WHAT YOU SHOULD DO | Give again the lines from the line with "Das Programm öffnet" to the last line of the records, exactly and in full. Do not carry over any pictures.

[Stored data]
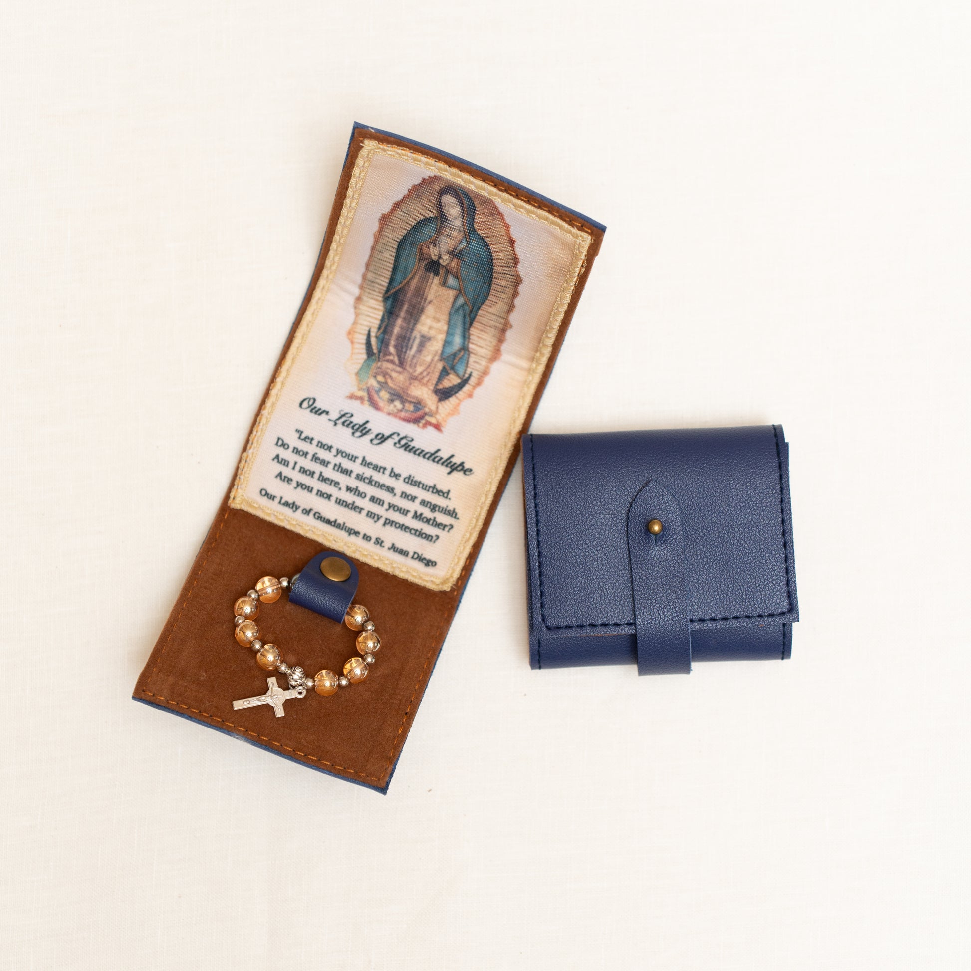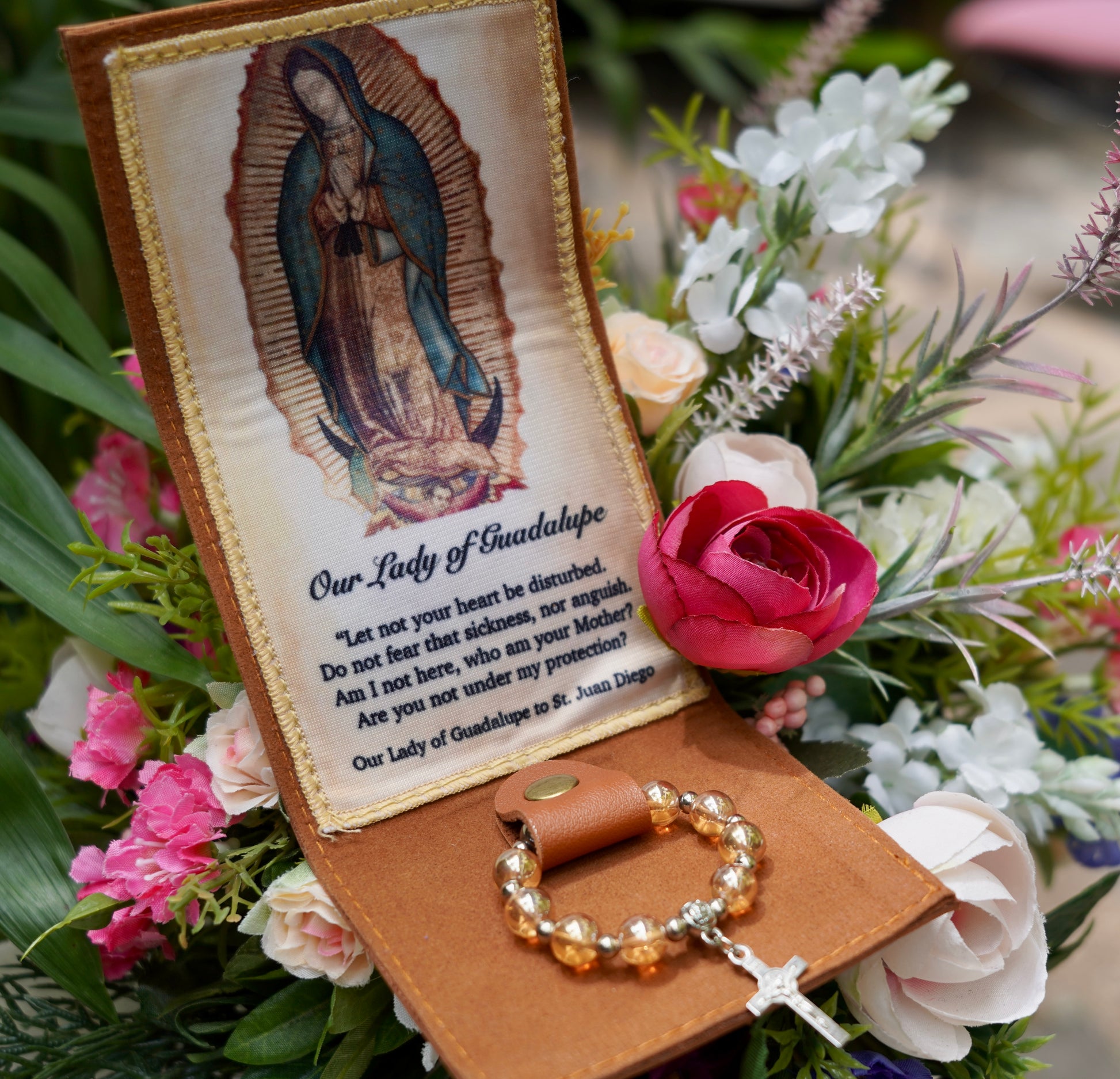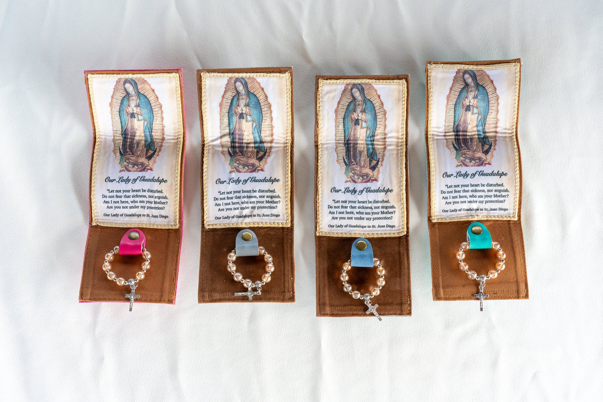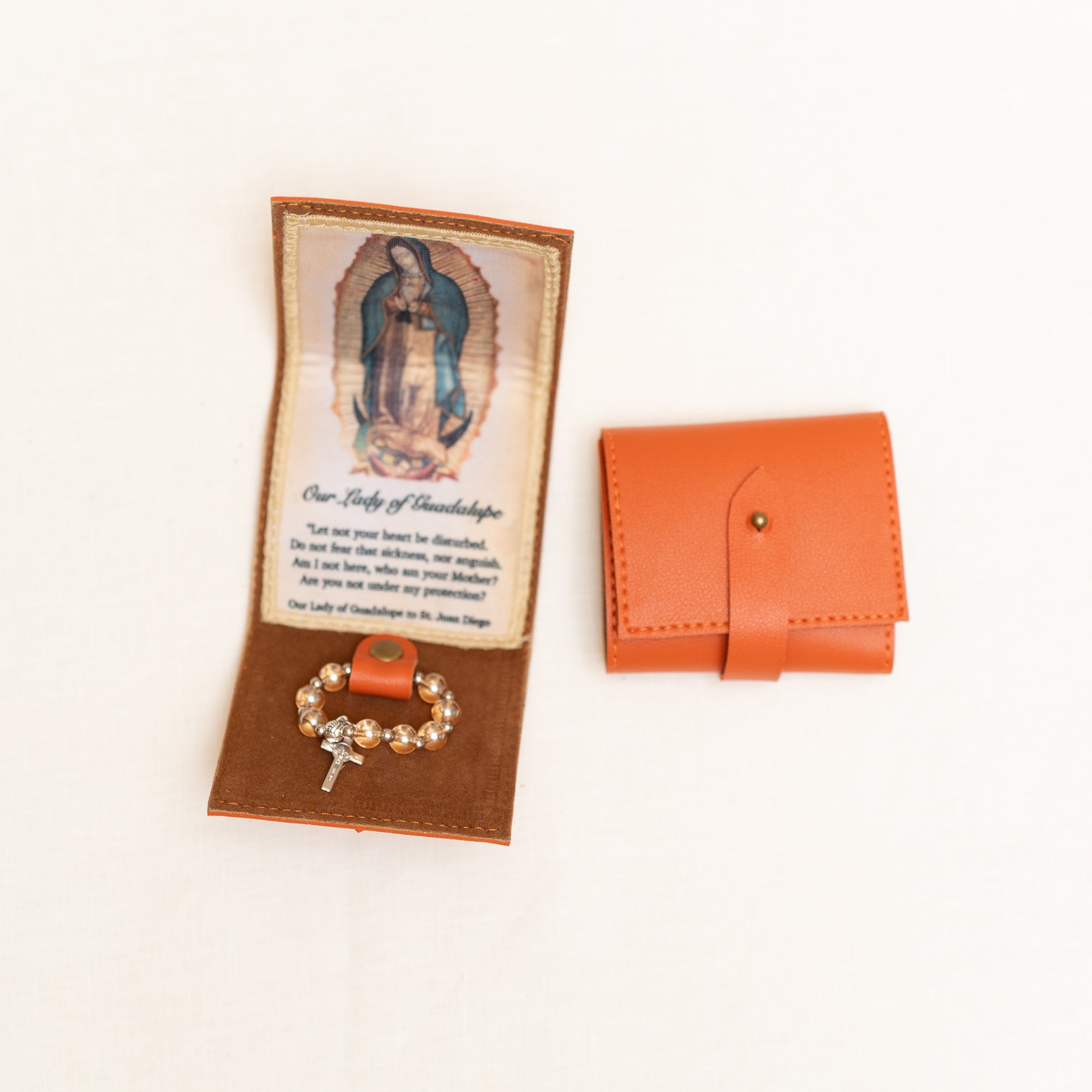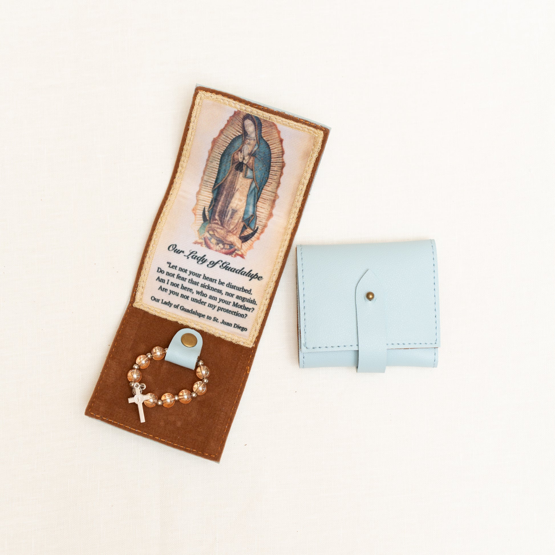 Keep Mama Mary always close to you with this beautiful synthetic leather purse with a small tilma and a ring rosary. Available in Magenta, Copper, OLG Teal, Gray and Dusty Blue.
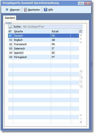 Das Programm öffnet die vorgelagerte Auswahltabelle der Sprachverwaltung.
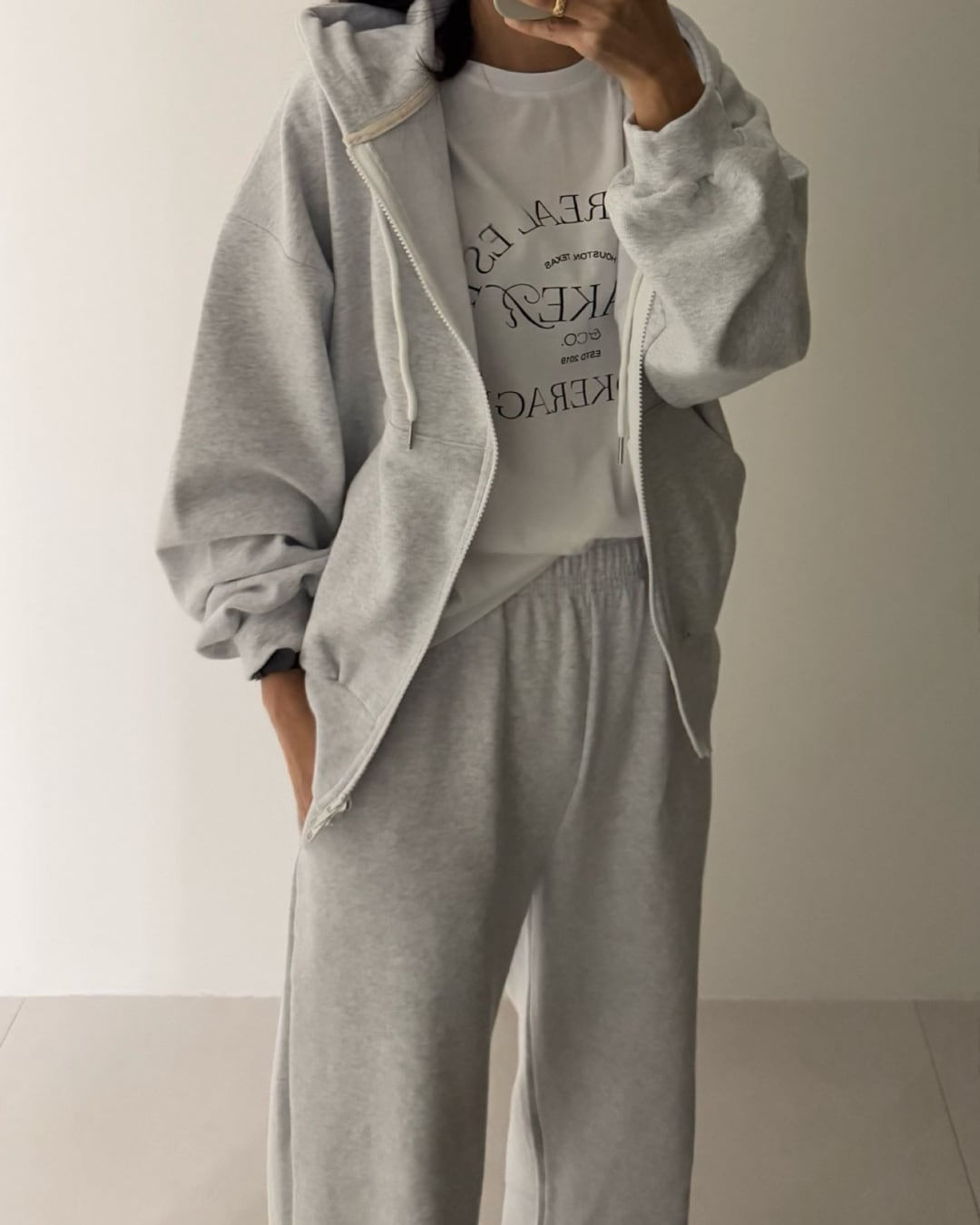 #セットアップ #ボア素材 #ジップアップパーカー #ワイドパンツ #大人カジュアル
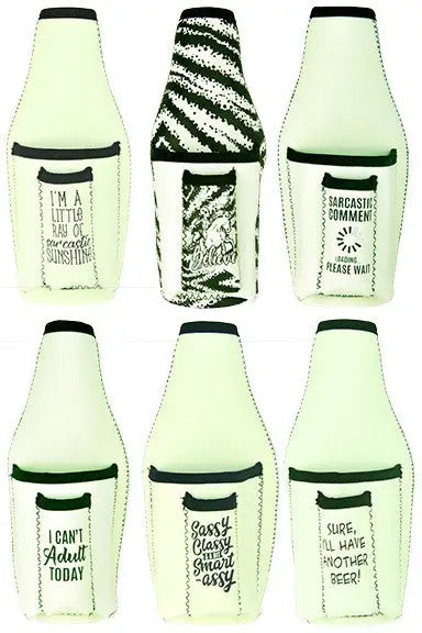 Neoprene Glow in The Dark Bottle Suit Cooler with Cigarette Pouch - 6 Pieces Per Retail Ready Display 24208
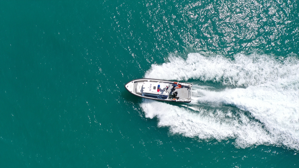 Deniz polisi ve itfaiye su altı ve su üstü arama kurtarma ekibi, her an göreve çıkacak şekilde eğitimlerine devam ediyor.

TASK RESPONSE |
 Das Programm öffnet die vorgelagerte Auswahltabelle der Sprachverwaltung.
 #セットアップ #ボア素材 #ジップアップパーカー #ワイドパンツ #大人カジュアル
 Neoprene Glow in The Dark Bottle Suit Cooler with Cigarette Pouch - 6 Pieces Per Retail Ready Display 24208
 Deniz polisi ve itfaiye su altı ve su üstü arama kurtarma ekibi, her an göreve çıkacak şekilde eğitimlerine devam ediyor.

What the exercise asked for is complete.